What’s so unique about Blake Thomas? Well, it’s not like he invented the next Facebook. And he didn’t invest in Google to make a fortune. What’s so great about Blake’s story is that he represents you. He’s an intelligent and hard-working IT Professional from the Chicago suburbs who has seen some great success in his career.
Just three years ago, MMD Services helped place Blake at Enova in a junior-level Quality Assurance role. Since then, he’s received several promotions, one just a year into the job and the last one 18 months later. Today, Blake manages teams of QA Engineers, leading multiple projects and guiding his teams to success. Take a look at our conversation. I think his strategies will be highly useful to many of you!
Maria: My first question is an obvious one … how does a Junior QA Engineer become a Manager in just three years?
Blake: People often base their expectations for their own future based on experiences their parents had. Sure, they hear inspiring success stories but they seem like a long shot. And the only thing they can view as “real” is the example of their father or uncle putting in decades of hard work with their company and then achieving promotions as they retire. This philosophy is no longer true. Your next promotion won’t come because of your loyalty and perfect attendance. Your employer is looking for added value and tangible results and they are willing to buy your commitment if they see the importance of doing so. It is a perfectly reasonable plan for your first promotion in the first 12-18 months of your employment. I say “plan” because only with this goal in front of you can make all the rights steps to show your employer that you deserve it.
Maria: So how do you work this plan into your actual job description?
Blake: View yourself as a business and your employer as a client. As a business, my main focus is to see that my client continues to want more and more of my services. What is important to my client? How can I solve my client’s problems? This simple concept helps me constantly evaluate where to best focus my efforts achieving maximum results and visibility. Simply understanding your employer’s business model and priorities will steer you in the right direction.
Maria: So what if your immediate supervisor is just not backing you up in these efforts?

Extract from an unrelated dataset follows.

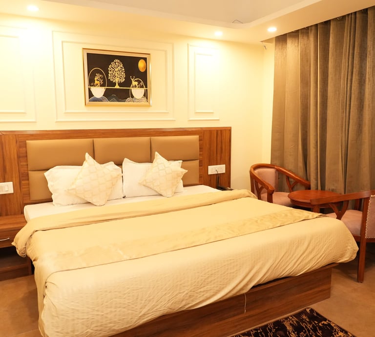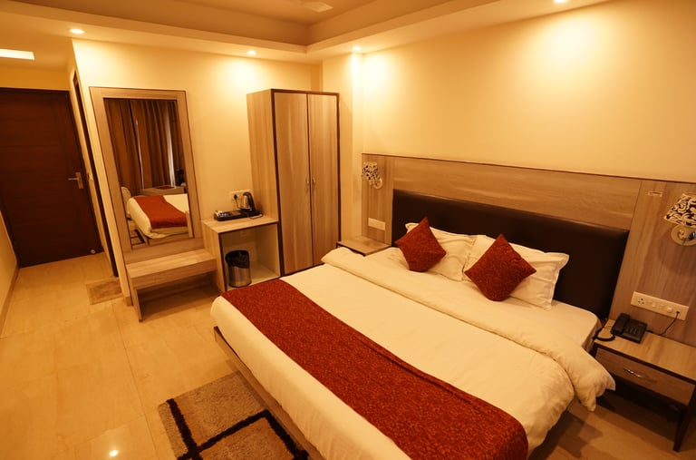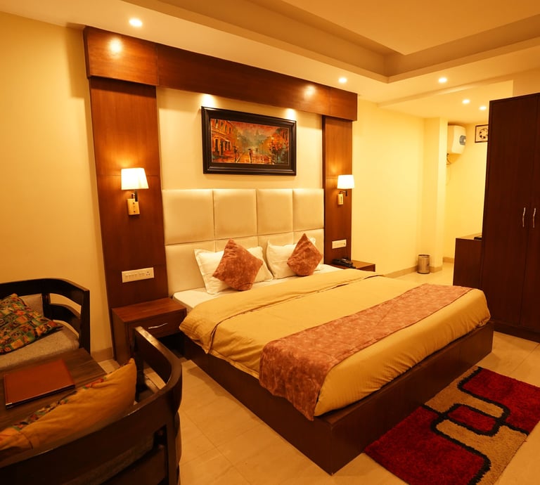 Our Semi Deluxe room is designed for comfort and style, featuring a spacious layout, modern furnishings, and convenient amenities to ensure a pleasant and enjoyable experience for every guest.

Blake: I feel like it is all in your approach. I hear folks use a lot of “I” as they discuss their ideas and accomplishments. This how you lose touch with your manager and your teammates. Even if you were the driving force behind this great thing, you still had a manager who allowed you to concentrate in this area and a team that picked up the workload while you did that. Recognizing this fact will allow you to naturally present things in a “team-friendly” manner. Your manager will automatically get behind you if you are not just presenting your idea but an added value initiative that can be facilitated by your team.
Maria: So you’re pursuing new ideas and your boss is behind you. What’s next in setting yourself up for the actual promotion?
Blake: There is usually a position that is a natural next step, or perhaps your company’s organization is flat and might benefit from additional leadership. Once you see a realistic opportunity, make yourself an obvious choice for a promotion in the eyes of your management. What that means is start doing the desired job now. You don’t need to have a title to lead but you certainly need to show leadership qualities to be seen as a leader.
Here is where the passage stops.